Vectorstores implement an `as_retriever` method that will generate a Retriever, specifically a [VectorStoreRetriever](https://python.langchain.com/api_reference/core/vectorstores/langchain_core.vectorstores.base.VectorStoreRetriever.html). These retrievers include specific `search_type` and `search_kwargs` attributes that identify what methods of the underlying vector store to call, and how to parameterize them. For instance, we can replicate the above with the following:

In [13]:
retriever = vector_store.as_retriever(
    search_type="similarity",
    search_kwargs={"k": 1},
)

retriever.batch(
    [
        "How many distribution centers does Nike have in the US?",
        "When was Nike incorporated?",
    ],
)

[[Document(metadata={'page': 4, 'source': '../example_data/nke-10k-2023.pdf', 'start_index': 3125}, page_content='direct to consumer operations sell products through the following number of retail stores in the United States:\nU.S. RETAIL STORES NUMBER\nNIKE Brand factory stores 213 \nNIKE Brand in-line stores (including employee-only stores) 74 \nConverse stores (including factory stores) 82 \nTOTAL 369 \nIn the United States, NIKE has eight significant distribution centers. Refer to Item 2. Properties for further information.\n2023 FORM 10-K 2')],
 [Document(metadata={'page': 3, 'source': '../example_data/nke-10k-2023.pdf', 'start_index': 0}, page_content='Table of Contents\nPART I\nITEM 1. BUSINESS\nGENERAL\nNIKE, Inc. was incorporated in 1967 under the laws of the State of Oregon. As used in this Annual Report on Form 10-K (this "Annual Report"), the terms "we," "us," "our,"\n"NIKE" and the "Company" refer to NIKE, Inc. and its predecessors, subsidiaries and affiliates, collectivel

`VectorStoreRetriever` supports search types of `"similarity"` (default), `"mmr"` (maximum marginal relevance, described above), and `"similarity_score_threshold"`. We can use the latter to threshold documents output by the retriever by similarity score.

Retrievers can easily be incorporated into more complex applications, such as [retrieval-augmented generation (RAG)](/docs/concepts/rag) applications that combine a given question with retrieved context into a prompt for a LLM. To learn more about building such an application, check out the [RAG tutorial](/docs/tutorials/rag) tutorial.

### Learn more:

Retrieval strategies can be rich and complex. For example:

- We can [infer hard rules and filters](/docs/how_to/self_query/) from a query (e.g., "using documents published after 2020");
- We can [return documents that are linked](/docs/how_to/parent_document_retriever/) to the retrieved context in some way (e.g., via some document taxonomy);
- We can generate [multiple embeddings](/docs/how_to/multi_vector) for each unit of context;
- We can [ensemble results](/docs/how_to/ensemble_retriever) from multiple retrievers;
- We can assign weights to documents, e.g., to weigh [recent documents](/docs/how_to/time_weighted_vectorstore/) higher.

The [retrievers](/docs/how_to#retrievers) section of the how-to guides covers these and other built-in retrieval strategies.

It is also straightforward to extend the [BaseRetriever](https://python.langchain.com/api_reference/core/retrievers/langchain_core.retrievers.BaseRetriever.html) class in order to implement custom retrievers. See our how-to guide [here](/docs/how_to/custom_retriever).


## Next steps

You've now seen how to build a semantic search engine over a PDF document.

For more on document loaders:

- [Conceptual guide](/docs/concepts/document_loaders)
- [How-to guides](/docs/how_to/#document-loaders)
- [Available integrations](/docs/integrations/document_loaders/)

For more on embeddings:

- [Conceptual guide](/docs/concepts/embedding_models/)
- [How-to guides](/docs/how_to/#embedding-models)
- [Available integrations](/docs/integrations/text_embedding/)

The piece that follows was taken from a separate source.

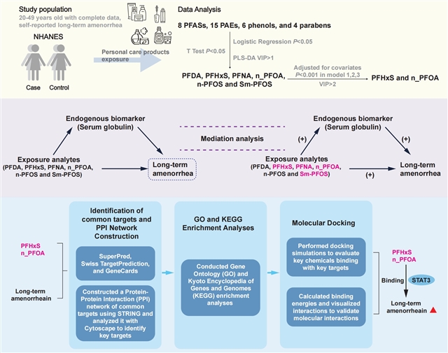 个人护理和消费品中的化学物质被怀疑会扰乱内分泌功能并影响生殖健康。然而,混合暴露与长期闭经之间的联系尚不清楚。本研究分析了684名女性(2013至2018年全国健康与营养调查)的数据,以评估8种多氟烷基物质(PFAS)、15种邻苯二甲酸酯(PAE)、6种苯酚和4种对羟基苯甲酸酯的暴露情况。采用多种统计模型进行稳健性检验和中介效应分析,探讨其与长期闭经的关联以及血清球蛋白的作用。通过整合关键化学物质与长期闭经交叉点的靶点分析、通路分析和靶点验证,识别了其生物学机制。结果表明,长期闭经女性的全氟癸酸、全氟己烷磺酸(PFHxS)、全氟壬酸、正全氟辛酸 (n_PFOA)、正全氟辛烷磺酸和全氟甲基庚烷磺酸异构体的暴露水平较高。不同调整后的逻辑回归模型一致发现,PFAS浓度升高与长期闭经风险增加之间存在显著关联,偏最小二乘判别分析也证实了这一点。中介效应分析显示,血清球蛋白在PFAS暴露与长期闭经之间的关系中起部分中介作用。网络和靶点分析表明,PFHxS和n_PFOA可能与信号转导和转录激活因子3(STAT3)相互作用。这项研究强调了PFAS暴露(尤其是PFHxS和n_PFOA)与长期闭经之间的显著关联,其中血清球蛋白和STAT3是潜在机制中的介质。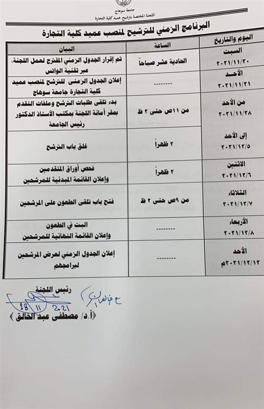 أعلن الدكتور مصطفى عبدالخالق رئيس جامعة سوهاج، الجدول الزمني للترشح لمنصب عميد كلية التجارة، والذى يستمر فى الفترة من 21 نوفمبر الجاري حتى 12 من ديسمبر المقبل، موضحاً أن برنامج الجدول الزمني تم إقراره عبر تقنية الواتس، ثم تم إعلانه اليوم الأحد، مشيراً إلى أن يوم الأحد القادم الموافق 28 نوفمبر، سيتم تلقي طلبات الترشح وملفات التقديم بمقر أمانة اللجنة بمكتب رئيس الجامعة، على أن يتم غلق باب الترشيح الأحد 5 ديسمبر.

For more on vector stores:

- [Conceptual guide](/docs/concepts/vectorstores/)
- [How-to guides](/docs/how_to/#vector-stores)
- [Available integrations](/docs/integrations/vectorstores/)

For more on RAG, see:

- [Build a Retrieval Augmented Generation (RAG) App](/docs/tutorials/rag/)
- [Related how-to guides](/docs/how_to/#qa-with-rag)

In [3]:
from dotenv import load_dotenv
import os
from langchain_community.document_loaders import PyPDFLoader
from langchain_text_splitters import RecursiveCharacterTextSplitter
from langchain_openai import OpenAIEmbeddings
from langchain_milvus import Milvus

# Load environment variables
load_dotenv()

# Load and process the PDF
file_path = "../example_data/wot-1.pdf"
loader = PyPDFLoader(file_path)
docs = loader.load()

# Split the documents
text_splitter = RecursiveCharacterTextSplitter(
    chunk_size=1000, chunk_overlap=200, add_start_index=True
)
all_splits = text_splitter.split_documents(docs)

# Create embeddings
embeddings = OpenAIEmbeddings(model="text-embedding-3-large")

# Connect to Milvus
vector_store = Milvus(
    embedding_function=embeddings,
    connection_args={
        "uri": "http://localhost:19530",  # Using port-forwarded address
        "collection_name": "wot_vectors"  # Name for your vector collection
    }, auto_id=True
)

# Add documents to the vector store
vector_store.add_documents(all_splits)

# Verify insertion with a simple similarity search
query = "Test query to verify vectors are searchable"
results = vector_store.similarity_search(query, k=3)
print("Search results:", results)

Search results: [Document(metadata={'pk': 455557701328443538}, page_content='This is a test document three.'), Document(metadata={'pk': 455557701328443537}, page_content='This is a test document two.'), Document(metadata={'pk': 455557701328443536}, page_content='This is a test document one.')]


In [6]:
from langchain_openai import OpenAIEmbeddings, ChatOpenAI
from langchain_milvus import Milvus
from langchain.prompts import PromptTemplate
from langchain.chains import RetrievalQA
import time

class RAGQueryEngine:
    def __init__(self, collection_name="test_vectors", similarity_top_k=4, score_threshold=0.7):
        """Initialize the RAG Query Engine with configurable parameters.
        
        Args:
            collection_name: Name of the Milvus collection to query
            similarity_top_k: Number of similar documents to retrieve
            score_threshold: Minimum similarity score to consider (0-1)
        """
        self.embeddings = OpenAIEmbeddings(model="text-embedding-3-large")
        self.vector_store = Milvus(
            embedding_function=self.embeddings,
            connection_args={
                "uri": "http://localhost:19530",
                "collection_name": collection_name
            },
            auto_id=True
        )
        
        # Initialize GPT-4 with specific settings for better control
        self.llm = ChatOpenAI(
            model="gpt-4o",
            temperature=0.3,  # Lower temperature for more focused answers
            max_tokens=1000
        )
        
        self.similarity_top_k = similarity_top_k
        self.score_threshold = score_threshold
        
        # Create a custom prompt template that enforces using only provided context
        self.qa_prompt = PromptTemplate(
            template="""You are a helpful AI assistant tasked with answering questions based ONLY on the provided context.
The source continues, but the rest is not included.